Second, we implicitly compute the differential equation that predicts the effect of shear stress on the land elevations along that flow. Shear stress is the pushing effect that fluids have normal to their direction of flow. This allows for far larger time steps than we could use otherwise while guaranteeing, if not complete convergence, then at least something very close to it.
Fluvial erosion is the process people are familiar with where water weathers the rock it flows over, eventually forcing it down and producing deep gouges. It gets stronger the higher its volume per time, which we approximate with the area flowing into the cell. This is one reason we compute a drainage network explicitly; the other is to figure out a single slope we can use in the equation.
We currently combine this with three other algorithms. The first is tectonic uplift. This is relevant over large timescales. On land, at least some parts (not sure if all), there are areas where tectonic processes are causing more material to be released and thus rising the land above them. This allows mountains to develop out of even formerly flat ground and is a large advantage to us over other erosion algorithms that eventually tend to make all land flat.
The second is thermal erosion, which reflects the tendency of rock to "slide" when above a certain angle. This is known as its talus angle, also called its angle of repose. It is dependent on the rock type and relates to the steepness that the rock grains can be heaped at before they start to slide down.
This corrects the tendency that stream power has to create extremely steep slopes, by breaking down the rock when it gets too steep, and has a large effect on the final elevation and overall map shape. It also has a nice side effect of limiting overall altitude in the presence of uplift. I think this is distinct from "mountain height" as mentioned in the paper, which I believe refers to how high a particular ridge can get before depositing into a basin; but I'm not sure.
The third, just added on my branch, is hillslope diffusion. This reflects the tendency of land to "slump" into each other, even below its angle of repose, and is a catchall for the effects of lots of different processes (e.g. wind). This equation is fully implicit, meaning it converges for every time scale no matter what, so it is pretty easy to add on as a step at the end. It is responsible for effects like making hills convex, beach slopes gentle, filling in small depressions, and creating new lakes (e.g. "oxbow" lakes) by blocking rivers with sediment.
We still use noise to influence uplift rates at each point, compose an initial continent shape, and control parameters to the erosion equations (such as rock strength and diffusion rate).
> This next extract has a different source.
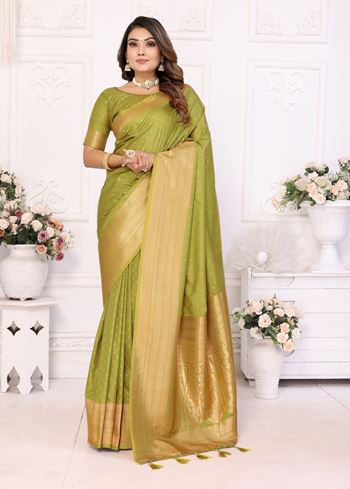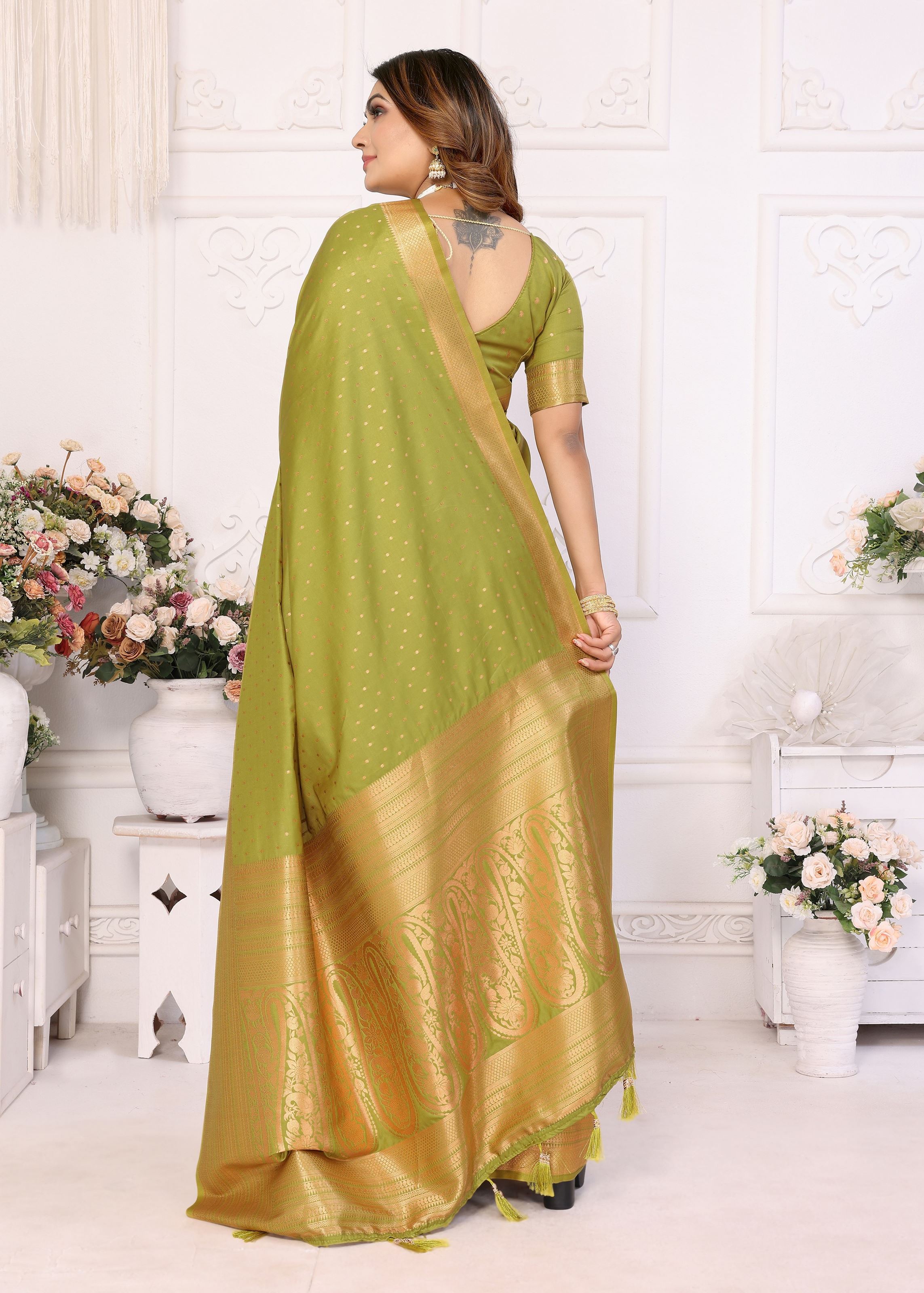 Step into timeless elegance with this Girlie Woven Jari Designer Soft Silk Saree in Green, a luxurious drape that perfectly balances heritage craftsmanship with modern sophistication. Made from a premium silk blend, this saree is enriched with intricate jari woven work that adds depth and radiance to its overall appeal. The vibrant green hue symbolizes freshness and prosperity, making it an ideal choice for weddings, festive occasions, cultural gatherings, and evening celebrations. Its soft silk texture ensures a lightweight yet regal drape, offering both comfort and grandeur.

We also still use noise heavily in the local generation of features, and for things like deciding on humidity and temperature maps; however, these things are also weighted by other factors (like altitude and flux). Over time, we hope to decrease the role of noise as we simulate more processes.
There are many more things left to simulate, but so far this has given Veloren very distinctive and realistic-feeling worldgen compared to a lot of procedurally generated worlds, especially those which render things at a fine enough scale that you can play in them in 3D. Just having rivers and lakes guaranteed to actually flow downhill and connect up globally makes a huge difference in feel, as does having ridges in mountains and gorged valleys.
With hillslope diffusion, we also have features like oxbow lakes and islands built up out of sediment (smoother than regular islands). As we add more processes, we will get more diverse terrain and more biomes, but we could also get that with hardcoded biome types or noise-based approaches.
The use of physical processes, however, results in terrain that is much more interesting and diverse by comparison. This is because it allows for the interaction of all these effects. It also means that the interesting terrain will be cohesive with its environment, which is often a stumbling block for biome-based or noise-based generation. Your shattered hills may look great, but where do you put them and why are they there?